US images are corrupted by noise and system artefacts which cause difficulties during feature or region of interest extraction. The proposed work focuses on extracting tumours as region of interest from US liver tumour images. Tumour segmentation involves two steps, the first being region of interest identification and the second being tumour segmentation. The region identification employs pattern recognition techniques with thresholding being the most commonly used to create an initial tumour region mask. Common segmentation methods based on an initial mask are active contours (commonly called snakes) which may fail to extract the boundaries accurately if the initial mask is improperly defined. The proposed adaptive Otsu thresholding based on multiple predicates using texture, phase, gradient and phase gradient yields better initial contours as compared to other works in literature which uses manually predefined masks.

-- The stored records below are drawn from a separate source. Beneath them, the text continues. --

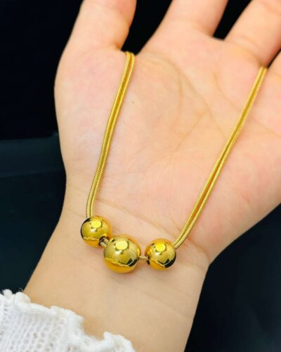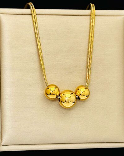 Triple Lucky Bead Gold Plated Stainless Steel Ball Necklace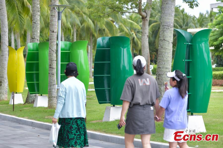 Flower-shaped wind turbines are installed in the zero-carbon demonstration zone in Boao, south China's Hainan Province. (Photo: China News Service/Luo Yunfei)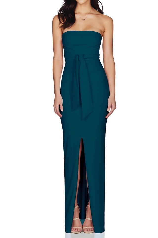 The Royal is a stunning strapless gown by Nookie with cross over panels at the front, a waist tie to cinch in your waist and is finished with a high centre front split. This floor skimming gown is crafted in Nookie’s signature scuba crepe fabric ensuring a firm fit. It is fully lined and fastens with invisible zip at back.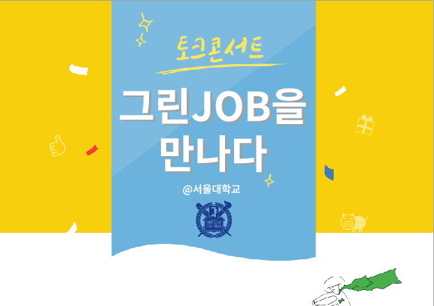 이번 '토크콘서트 그린JOB을 만나다'는 10월21일(수)~22일(목) 양일간 오후 5시부터 7시까지 서울대학교 문화관 중강당에서 청소년 등 일반인 등을 열린다.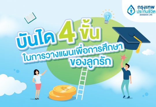 NEWSกรุงเทพประกันชีวิตแชร์ บันได 4 ขั้นในการวางแผนเพื่อการศึกษาของลูกรักCWB23/03/202423/03/2024NEWS"การศึกษาของลูกเป็นเป้าหมายสำคัญของครอบครัว การวางแผนการศึกษาให้ลูกเปรียบเหมือนบันไดที่จะนำลูกก้าวสู่อนาคตตามเป้าหมายที่ตั้งใจไว้ การศึกษาของลูกเป็นเป้าหมายสำคัญของครอบครัว พ่อแม่ควรจะวางแผนเตรียมแนวทางและความพร้อมไว้ให้ลูกแต่เนิ่นๆ การวางแผนการศึกษาให้ลูกเปรียบเหมือนบันไดที่จะนำลูกก้าวสู่อนาคตตามเป้าหมายที่ตั้งใจไว้ บันได 4...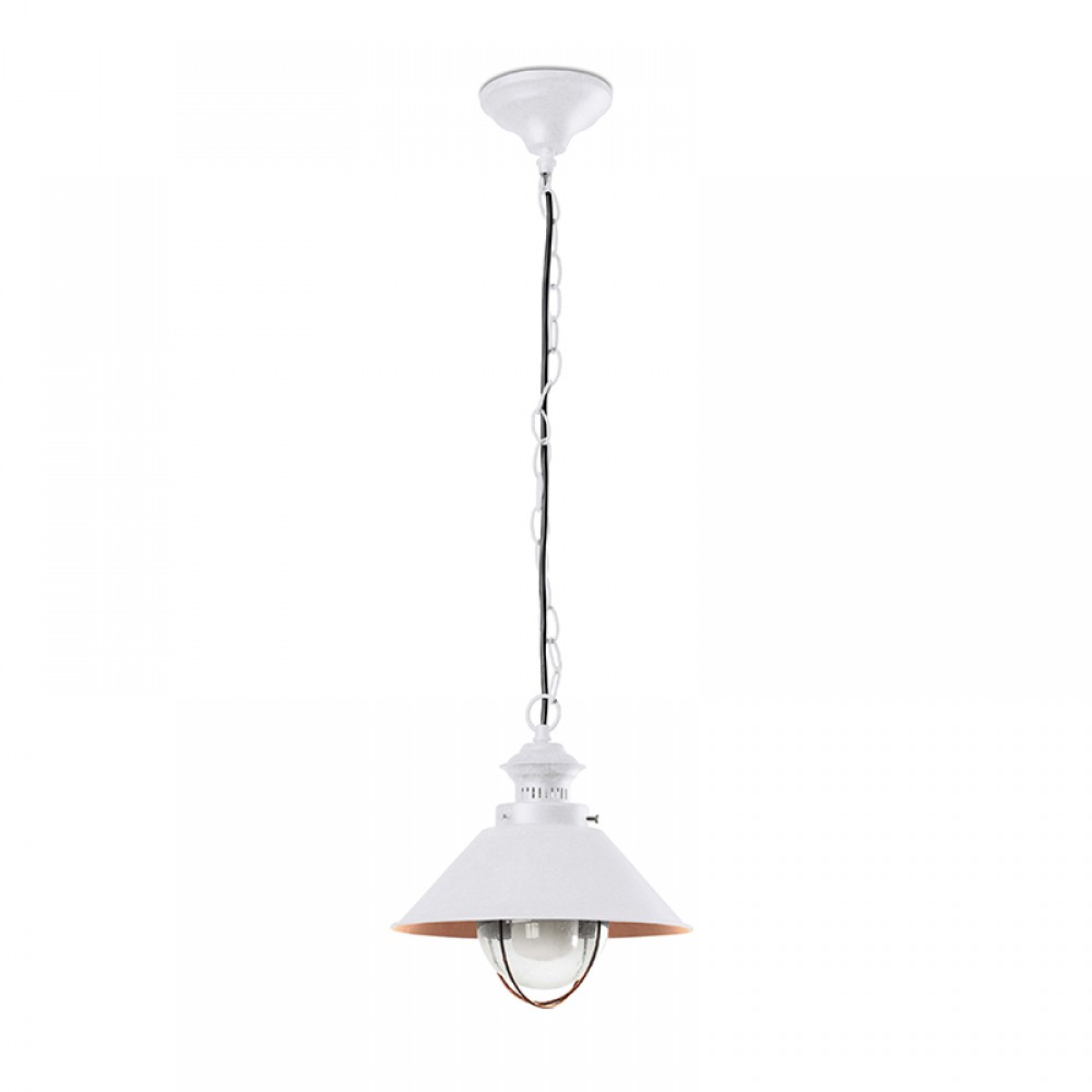 Colgante atemporal fabricado en metal y difusor de cristal burbuja pensado para la iluminación de terrazas y jardines. Su combinación de colores, blanco y cobre, le da un aspecto de clásico renovado.

As a pre-processing step and different to other existing works, the US image is neutrosophically enhanced and denoised using shearlets taking into effect the fuzzy nature of US images. Since US images suffer from intensity inhomogeneties, the traditional Chan-Vese segmentation yields unsatisfactory segmentation which is resolved by using localized energy based active contour segmentation considering the localized means in the contour and its neighbourhood. The segmentation results show significant improvement over the existing optimal global thresholding and include additional features like less morphological operations to refine the thresholded output for mask creation and working even in cases of images with PAS and iso/slightly hypoechoic tumours. The proposed method guarantees to help in diagnostic procedures where the radiologist can decide the region of interest with minimum processing. In future, expansion of the work in identifying the tumour as benign or malignant by implementing automatic classification methods using features from the detected/segmented tumour is suggested. Further refinements may be done to the proposed thresholding to obtain still better masks.